= Problem to solve =
Find the line with "サボサンダル ミュール 厚底" in the entries below, then output every line from it down to the line with "寸法:長210cm× 末幅70cm(裏71cm) ~中間幅74cm(裏74cm)", exactly and with no pictures.

= Records =

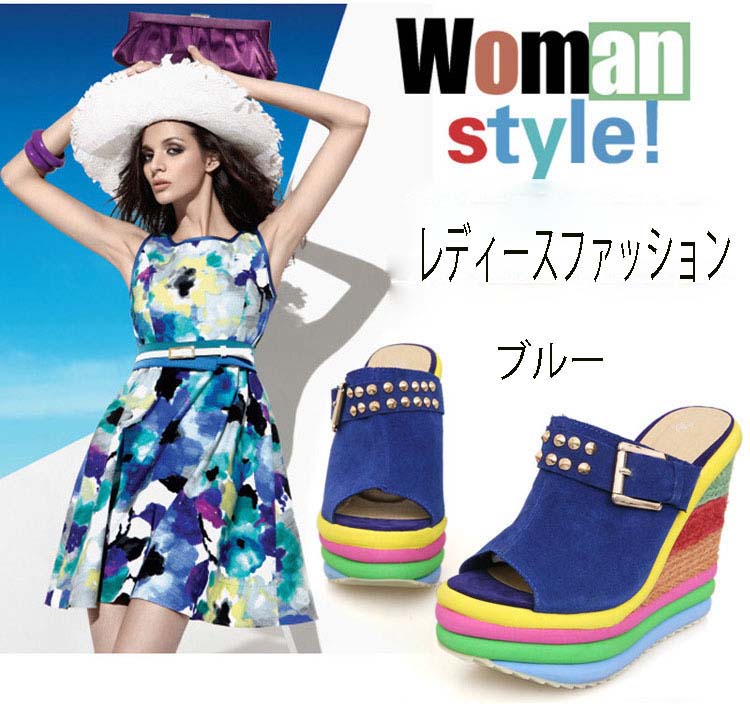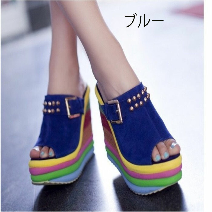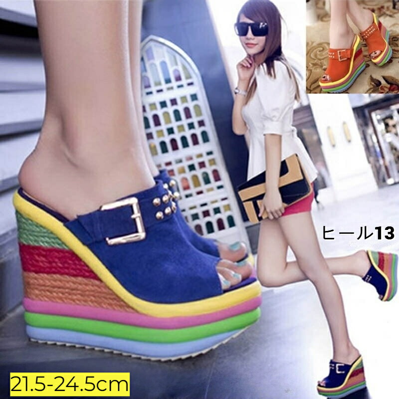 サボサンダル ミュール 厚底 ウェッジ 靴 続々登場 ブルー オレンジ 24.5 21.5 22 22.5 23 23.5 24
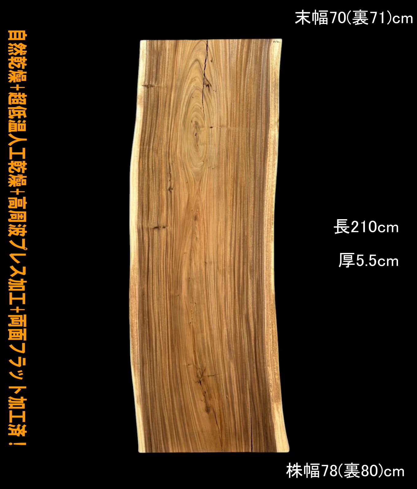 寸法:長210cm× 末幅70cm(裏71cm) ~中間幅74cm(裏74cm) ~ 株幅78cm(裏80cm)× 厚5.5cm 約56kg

---

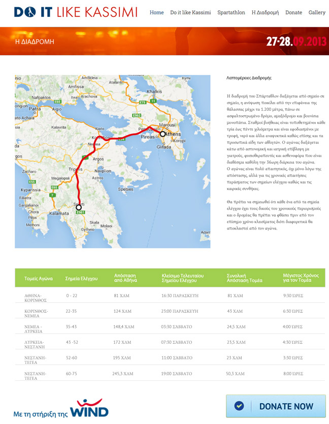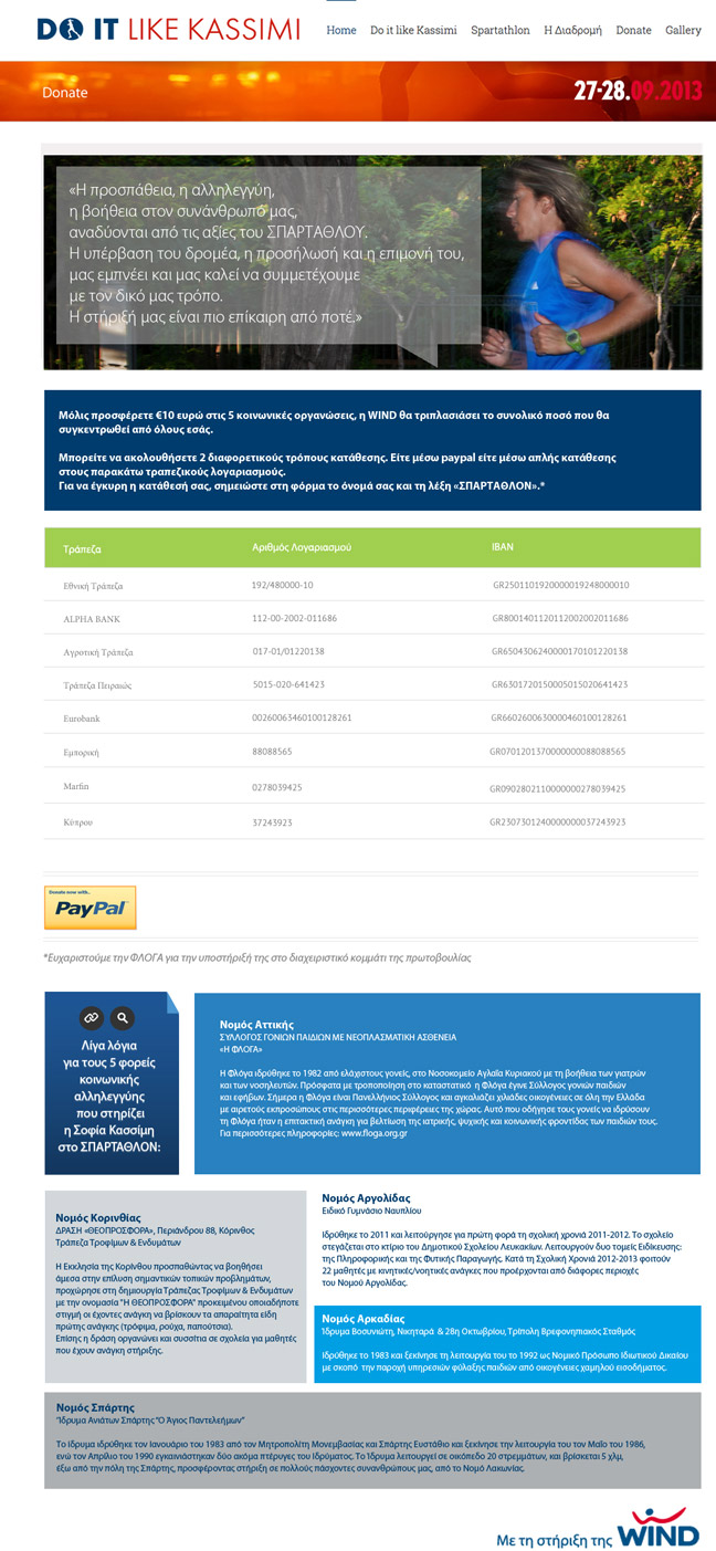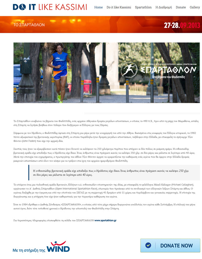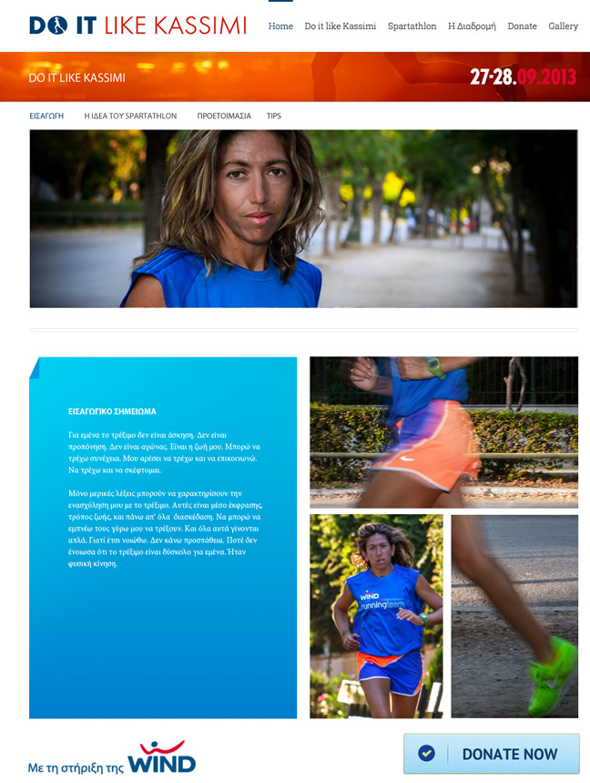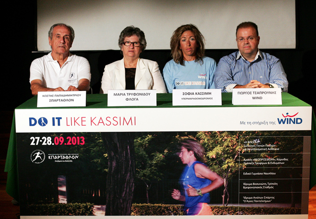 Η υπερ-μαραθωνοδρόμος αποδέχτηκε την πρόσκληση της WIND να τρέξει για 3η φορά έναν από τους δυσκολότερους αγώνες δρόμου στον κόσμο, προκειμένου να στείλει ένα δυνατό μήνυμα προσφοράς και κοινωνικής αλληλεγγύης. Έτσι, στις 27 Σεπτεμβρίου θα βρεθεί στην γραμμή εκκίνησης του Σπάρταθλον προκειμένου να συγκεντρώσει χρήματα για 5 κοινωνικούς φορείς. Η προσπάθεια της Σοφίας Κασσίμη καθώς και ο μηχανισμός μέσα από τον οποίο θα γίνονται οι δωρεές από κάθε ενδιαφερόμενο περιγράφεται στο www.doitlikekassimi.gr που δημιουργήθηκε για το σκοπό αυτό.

= Expected answer =
 サボサンダル ミュール 厚底 ウェッジ 靴 続々登場 ブルー オレンジ 24.5 21.5 22 22.5 23 23.5 24
 寸法:長210cm× 末幅70cm(裏71cm) ~中間幅74cm(裏74cm) ~ 株幅78cm(裏80cm)× 厚5.5cm 約56kg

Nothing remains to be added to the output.